(Saved data entries)
┄┄┄┄┄┄┄┄┄┄┄┄┄┄┄┄┄┄┄┄

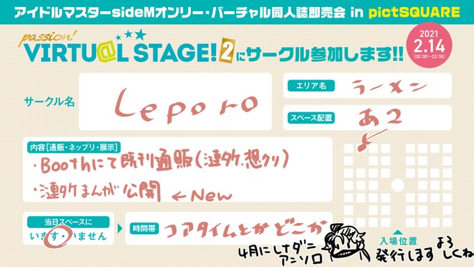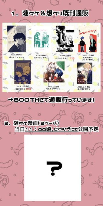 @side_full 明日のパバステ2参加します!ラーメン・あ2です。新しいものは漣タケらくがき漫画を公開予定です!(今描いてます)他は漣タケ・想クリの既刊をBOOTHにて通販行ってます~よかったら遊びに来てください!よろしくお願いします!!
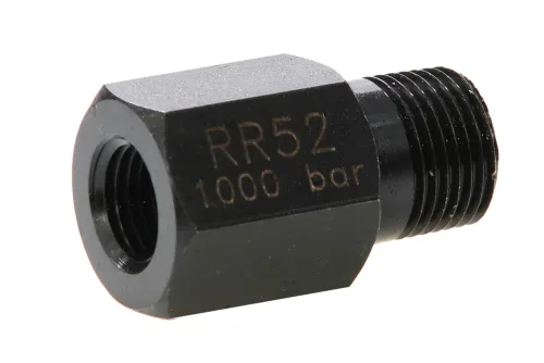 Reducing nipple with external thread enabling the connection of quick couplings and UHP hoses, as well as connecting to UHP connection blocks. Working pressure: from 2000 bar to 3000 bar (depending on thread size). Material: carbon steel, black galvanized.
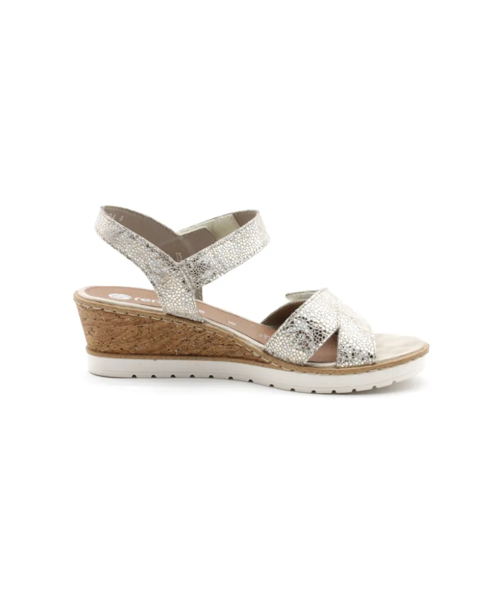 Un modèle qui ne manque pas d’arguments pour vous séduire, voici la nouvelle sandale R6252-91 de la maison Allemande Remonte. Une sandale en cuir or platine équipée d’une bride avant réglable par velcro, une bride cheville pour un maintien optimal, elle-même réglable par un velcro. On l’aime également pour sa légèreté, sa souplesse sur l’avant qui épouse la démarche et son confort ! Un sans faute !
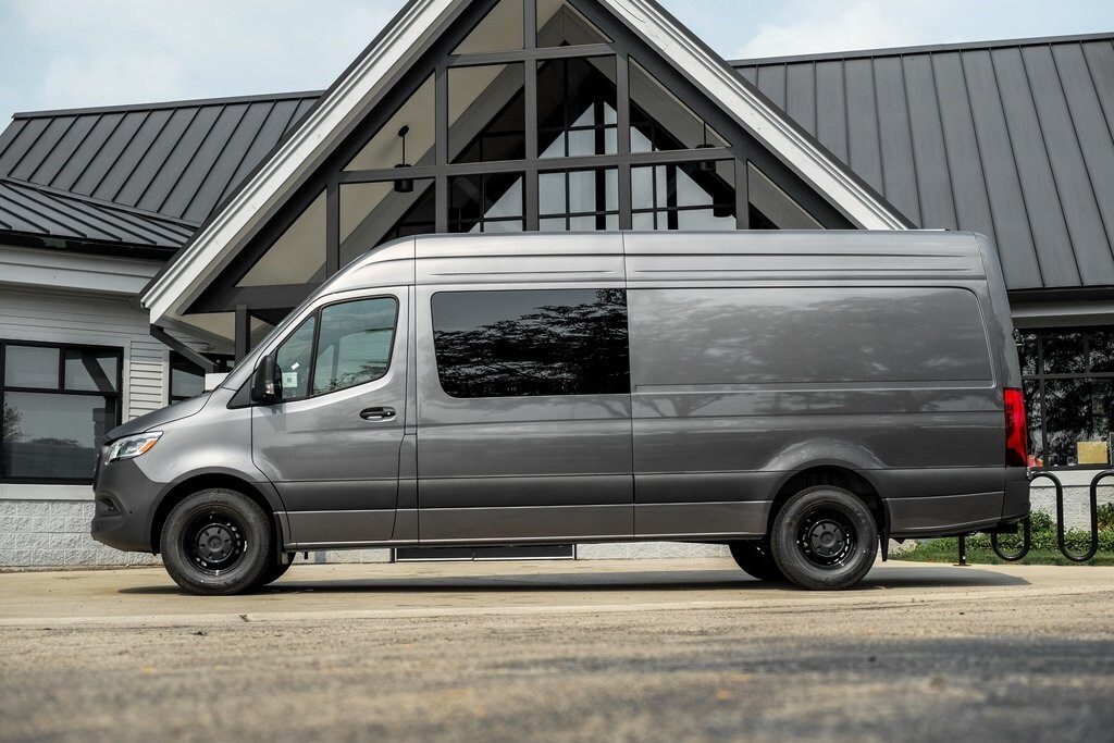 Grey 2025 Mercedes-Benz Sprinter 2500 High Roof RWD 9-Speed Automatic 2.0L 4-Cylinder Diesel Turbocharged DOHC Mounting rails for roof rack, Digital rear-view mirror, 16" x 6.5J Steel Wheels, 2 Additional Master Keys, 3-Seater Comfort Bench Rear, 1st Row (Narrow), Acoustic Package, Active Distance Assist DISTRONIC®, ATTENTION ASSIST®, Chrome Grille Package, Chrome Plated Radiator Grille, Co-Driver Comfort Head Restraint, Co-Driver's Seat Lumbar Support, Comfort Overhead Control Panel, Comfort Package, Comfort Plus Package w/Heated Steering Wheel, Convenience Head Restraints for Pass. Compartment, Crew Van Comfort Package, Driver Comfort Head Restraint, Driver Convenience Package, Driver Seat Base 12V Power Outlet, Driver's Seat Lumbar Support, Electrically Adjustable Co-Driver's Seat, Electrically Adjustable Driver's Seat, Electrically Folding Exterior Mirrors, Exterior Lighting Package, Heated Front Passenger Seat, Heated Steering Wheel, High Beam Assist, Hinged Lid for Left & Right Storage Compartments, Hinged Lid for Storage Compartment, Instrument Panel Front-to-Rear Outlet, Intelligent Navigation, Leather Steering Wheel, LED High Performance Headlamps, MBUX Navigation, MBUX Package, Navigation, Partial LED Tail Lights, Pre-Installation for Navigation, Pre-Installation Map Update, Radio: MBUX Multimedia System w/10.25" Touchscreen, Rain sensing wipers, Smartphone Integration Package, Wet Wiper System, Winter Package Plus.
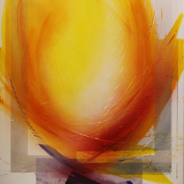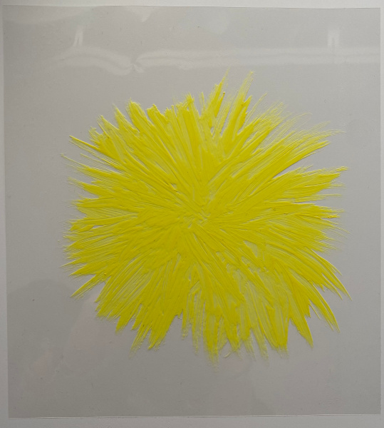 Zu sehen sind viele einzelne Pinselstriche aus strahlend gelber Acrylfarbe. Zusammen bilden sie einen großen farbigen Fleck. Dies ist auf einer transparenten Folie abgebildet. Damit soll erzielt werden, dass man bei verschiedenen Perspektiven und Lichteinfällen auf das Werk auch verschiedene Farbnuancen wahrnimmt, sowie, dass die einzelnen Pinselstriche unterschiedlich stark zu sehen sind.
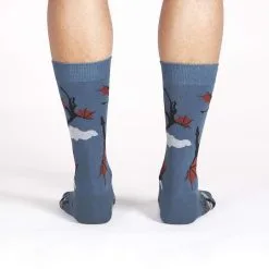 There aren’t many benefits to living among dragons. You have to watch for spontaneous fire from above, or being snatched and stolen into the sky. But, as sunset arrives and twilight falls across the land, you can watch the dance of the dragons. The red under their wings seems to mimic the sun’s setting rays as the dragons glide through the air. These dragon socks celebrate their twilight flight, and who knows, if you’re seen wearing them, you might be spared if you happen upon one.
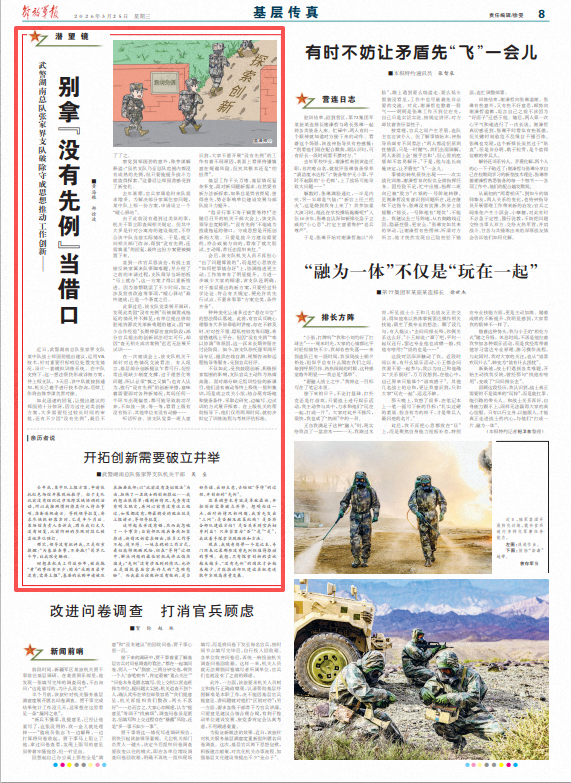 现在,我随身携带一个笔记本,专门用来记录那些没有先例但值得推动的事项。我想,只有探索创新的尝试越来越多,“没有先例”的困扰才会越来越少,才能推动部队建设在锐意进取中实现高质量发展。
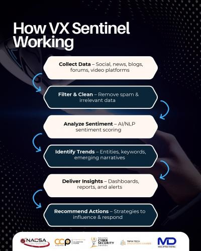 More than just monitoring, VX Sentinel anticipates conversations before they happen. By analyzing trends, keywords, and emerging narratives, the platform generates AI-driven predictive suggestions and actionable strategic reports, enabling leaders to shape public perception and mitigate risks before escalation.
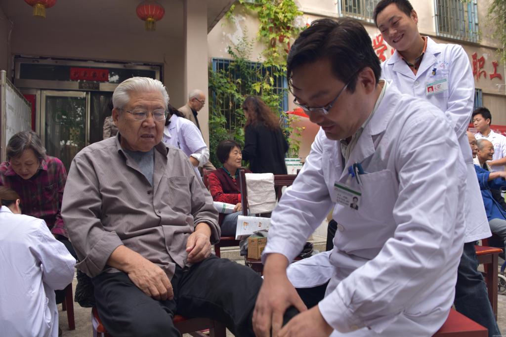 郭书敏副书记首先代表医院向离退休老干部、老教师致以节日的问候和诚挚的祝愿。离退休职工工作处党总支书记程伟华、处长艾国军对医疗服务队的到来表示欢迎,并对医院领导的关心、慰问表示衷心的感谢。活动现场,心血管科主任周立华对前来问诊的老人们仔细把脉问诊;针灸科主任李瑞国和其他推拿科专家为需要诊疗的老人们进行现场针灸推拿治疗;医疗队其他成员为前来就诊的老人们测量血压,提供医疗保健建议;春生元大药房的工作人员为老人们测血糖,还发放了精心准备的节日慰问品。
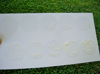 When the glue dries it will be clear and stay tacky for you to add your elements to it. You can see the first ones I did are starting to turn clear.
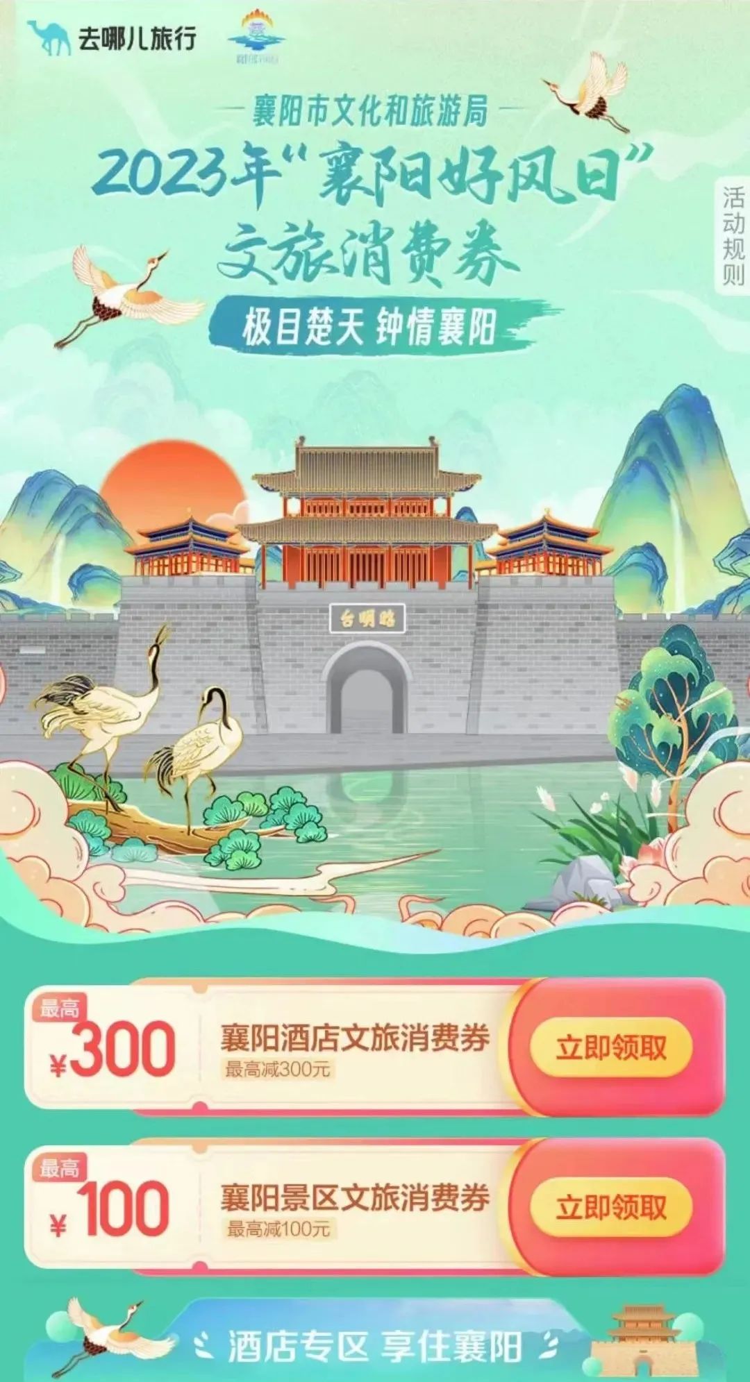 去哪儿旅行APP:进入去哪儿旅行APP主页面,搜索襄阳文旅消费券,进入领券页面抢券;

┄┄┄┄┄┄┄┄┄┄┄┄┄┄┄┄┄┄┄┄

Word-for-word restatement: every line from the one with "现在,我随身携带一个笔记本,专门用来记录" through the final line of the data, both ends included, pictures excluded.

** Completed task **
 现在,我随身携带一个笔记本,专门用来记录那些没有先例但值得推动的事项。我想,只有探索创新的尝试越来越多,“没有先例”的困扰才会越来越少,才能推动部队建设在锐意进取中实现高质量发展。
 More than just monitoring, VX Sentinel anticipates conversations before they happen. By analyzing trends, keywords, and emerging narratives, the platform generates AI-driven predictive suggestions and actionable strategic reports, enabling leaders to shape public perception and mitigate risks before escalation.
 郭书敏副书记首先代表医院向离退休老干部、老教师致以节日的问候和诚挚的祝愿。离退休职工工作处党总支书记程伟华、处长艾国军对医疗服务队的到来表示欢迎,并对医院领导的关心、慰问表示衷心的感谢。活动现场,心血管科主任周立华对前来问诊的老人们仔细把脉问诊;针灸科主任李瑞国和其他推拿科专家为需要诊疗的老人们进行现场针灸推拿治疗;医疗队其他成员为前来就诊的老人们测量血压,提供医疗保健建议;春生元大药房的工作人员为老人们测血糖,还发放了精心准备的节日慰问品。
 When the glue dries it will be clear and stay tacky for you to add your elements to it. You can see the first ones I did are starting to turn clear.
 去哪儿旅行APP:进入去哪儿旅行APP主页面,搜索襄阳文旅消费券,进入领券页面抢券;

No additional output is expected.